28/05/2009 | Yazar: Kürşad Kahramanoğlu

Tarihçileri pek sevmem. Bugüne kadar, bunun nedenini hep Kolej’deyken ikide bir tarihten beni ikmale bırakan, tarih hocamız Seniha Alp’e bağlamıştım. Meğer alakası yokmuş.

Tarihçileri pek sevmem. Bugüne kadar, bunun nedenini hep Kolej’deyken ikide bir tarihten beni ikmale bırakan, tarih hocamız Seniha Alp’e bağlamıştım. Meğer alakası yokmuş. Bunu, bugünlerde basınımızda eşşeğin kuyruğu gibi uzayıp giden ve iki tarihçimizin de değişik oranlarda katıldığı ve önemini pek kavrayamadığım bir tartışmayı takip ederken fark ettim.

Doğru anladıysam, Murat Bardakçı, Murat Belge’nin bir hobi olarak organize ettiğini sandığım İstanbul turları sırasında anlattığını duyduğu anekdotları beğenmemiş, tenkit etmiş! Öncelikle Murat Belge’nin bunu neden bu kadar ciddiye aldığını pek anlayamadım. Köşesinde, benim de okuduğum iki tane cevap yazdı. Sonra basında birçok Murat Belge müdafaası çıktı. Murat Bardakçı taraftarı(!) basını pek takip etmediğim için bilemiyorum; herhalde Murat Bardakçı’nın bu büyük entelektüel tenkitleri için memnun olan, onu destekleyen yazılar da çıkmıştır! Sonra koskoca Halil Berktay, Yale’i falan unutup zehir zemberek bir Murat Bardakçı saldırısı yazdı ki, ‘meğer, bu Murat Bardakçı neymiş, ben bilememişim’ oldum.

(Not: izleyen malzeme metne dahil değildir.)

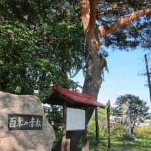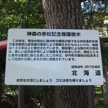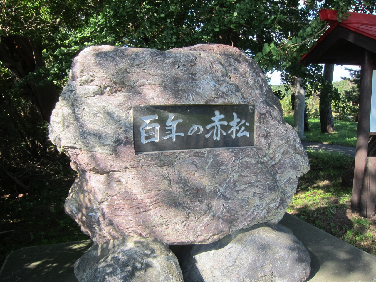 松は明治初期に静内を開拓した稲田氏やその開拓団の人達が植えたそうです。稲田氏の一族の者が、淡路島から移住する際、途中、青森のあたりで赤松の種を入手し、静内の道路沿いなど各所に植えたとの話しがあります。あるときは故郷から遠く離れた北の地での開拓の労苦に耐える拠りどころになったのかもしれません。100年以上の風雪に耐えてきた樹皮は、一部は剥がれ落ち、赤い樹皮をさらしているものの、木は大きく育っています。

Bütün bu ‘bir edebiyatçımız üzerine, tarihçilerimizin estirdiği fırtına’ devam ederken başka bir koskoca tarihçimiz İlber Ortaylı, Milliyet Pazar’daki köşesinde adap terbiye dersleri içeren bir yazı kaleme aldı: ‘Eskiden bu milletin fertleri lüzumsuz susardı, şimdi de yerli ve yersiz konuşuyor ve yüksek sesle protesto ediyor. Hak demek, sorumluluğun öbür tarafıdır. Usul ve erkân gerektirir. Düşünmeden konuşmanın, hak aramak ve protesto ile ilgisi yoktur. Böylesine eskilerin deyimiyle ‘nadan’ denir’ buyuruyorlar! İlber’ciğim, ne yaparsın, A. İlhan’ın da yazdığı gibi ‘Heyhat ki, iyiler gider, nadanlar kalır.’

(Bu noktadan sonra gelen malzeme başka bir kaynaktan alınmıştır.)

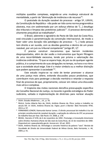 65Rev. Trib. Reg. Trab. 3ª Reg., Belo Horizonte, v. 71, n. 111, p. 61-94, jan./jun. 2025múltiplas questões complexas, exigindo-se uma mudança estrutural de mentalidade, a partir da “diminuição de instâncias e de recursos”6.O postulado da duração razoável do processo - artigo 5º, LXXVIII, da Constituição da República - não pode ser tido como norma programática abstrata, mas sim sedimentado por um esforço efetivo de “[...] desafogo dos tribunais e limpeza das prateleiras judiciais”7. O processo demorado é altamente prejudicial ao trabalhador8. O Brasil, aderente e signatário do Pacto de São José da Costa Rica, está vinculado à parametrização da convenção internacional, de modo a fazer valer uma duração não patológica do processo - “[...] toda pessoa tem direito a ser ouvida, com as devidas garantias e dentro de um prazo razoável, por um juiz ou tribunal competente” (artigo 8º, 1)9.É preciso construir mecanismos que barrem incidentes despropositados, além de dar vazão a instrumentos que façam filtragem de uma recorribilidade excessiva, tendo por prisma a valorização das instâncias ordinárias. “O que se espera hoje, do juiz ou de qualquer agente público, é o cumprimento de suas obrigações no tempo, na hora e no ritmo que a sociedade atual exige. Este é o maior símbolo ou a melhor distinção que podem apresentar à sociedade”10.Este estudo inspira-se na ratio de tentar promover o alcance de uma justiça mais célere, evitando discussões pouco produtivas, que contribuem mais para postergar a decisão meritória e retardar a resposta final do processo do que, propriamente, colocar em relevo uma discussão mais séria e complexa.O tropismo das metas nacionais densifica preocupação específica do Conselho Nacional de Justiça, no tocante à gestão estratégica do Poder Judiciário, voltada à implementação de diretrizes para nortear atuação 6 SILVA. Estudos Modernos…, cit., p. 78. 7 PAULA, Carlos Alberto Reis de; SILVA, Antônio Álvares da. Ética: justiça e trabalho no século XXI. In: SILVA, Antônio Álvares da. Vigiar, punir e libertar. Belo Horizonte: RTM, 2013, p. 97. 8 FERNANDES JÚNIOR, Raimundo Itamar Lemos. O direito processual do trabalho à luz do princípio constitucional da razoável duração: a aplicação da reforma do CPC ao processo do trabalho fase por fase. São Paulo: LTr, 2008, p. 178. 9 BRASIL. Decreto nº 678, de 6 de novembro de 1992. Promulga a Convenção Americana sobre Direitos Humanos (Pacto de São José da Costa Rica), de 22 de novembro de 1969. Disponível em: www.planalto.gov.br. Acesso em: 10 set. 2025. 10 SILVA, Antônio Álvares da. Etimologia e conceito histórico da palavra “vara”. Revista da Faculdade de Direito da Universidade Federal de Minas Gerais, Belo Horizonte, n. 44, 2004, p. 41.

Bu üç tarihçimizin, bu performanslarından sonra anladım ki ben, Seniha Alp hocamı bu kadar sene boşuna sorumlu tutmuşum. Seniha Hanım’dan özür diliyor, kendisine Allah’tan rahmet diliyorum. Demek ki tarihçiler, tarihi bir kenara bırakıp köşe yazarlığına, kanaat önderliğine soyununca bu iş olmuyor. Benim sevmediğim tarihçiler değil; tarihçi kimliği arkasında başka işler başarmaya çalışanlar. ‘Tarihin Babası’ Herodot’un, bir diğer lakabı da "Yalanların Babası" idi. Mademki bu üç tarihçimiz, günümüzün Türkiye’sinde bu kadar söz sahibi olmak istiyor, günlük politika onlar için tarihin tozlu ve belki de sıkıcı buldukları sayfalarından daha önemli, üçüne de derin tarih bilgilerini de kullanabilecekleri, çok güncel ve de günümüz politikasına katkı sağlayabilecek önerilerim var:

Halil Berktay’dan: ‘Mao döneminin ‘homoseksüellik küflenmiş kapitalist düzenin’ sonucudur tezinin günümüzdeki geçerliliği’ üzerine bir araştırma.

Murat Bardakçı’dan: ‘Osmanlı’dan günümüze eşcinselliğini saklayıp acılar içerisinde yaşamış entelektüel ve kanaat önderlerinin günümüzdeki tartışmalara katkısı’ üzerine bir araştırma.

İlber Ortaylı’dan: ‘Topkapı Sarayı’ndan gelmiş geçmiş eşcinseller ve Hadım Ağalığı Müessesesi’ üzerine bir araştırma, rica ediyorum…

Tarihçiler, tarihçiler! Ve de edebiyatçılar ve diğer entelektüeller, bu topraklarda Kürtler’den, solculardan sonra en çok katledilen, en fazla ‘faili meçhul’ listelerine girenler, eşcinseller ve transseksüellerken sizler utanmıyor musunuz? Ülkenin en önemli sorunu Murat Belge’nin bir İstanbul turu sırasında anlattığı, kendisinin de inanmadığını söylediği; Esma Sultan’ın çapkınlık hikâyeleri hakkındaki efsaneler mi? Yoksa İlber Ortaylı’nın genizden genizden gelen sesiyle söylediğini duyar gibi olduğum ‘Galiba cenaze törenlerinde nasıl davranılacağını bilmediğimiz bir kere daha anlaşıldı’ etik(!) dersi mi, en ihtiyacımız olan?

Sizler sustukça, birçok insanımızın yaşama hakkı gibi en önemli ve ana insan hakkı, devamlı ihlal edilirken, sizler bundan hiç bahsetmeyerek gündem çarpıtmaya devam ettiğiniz müddetçe, bu benim güzel ve sahipsiz ülkem karanlık bir yer olmaya devam edecek.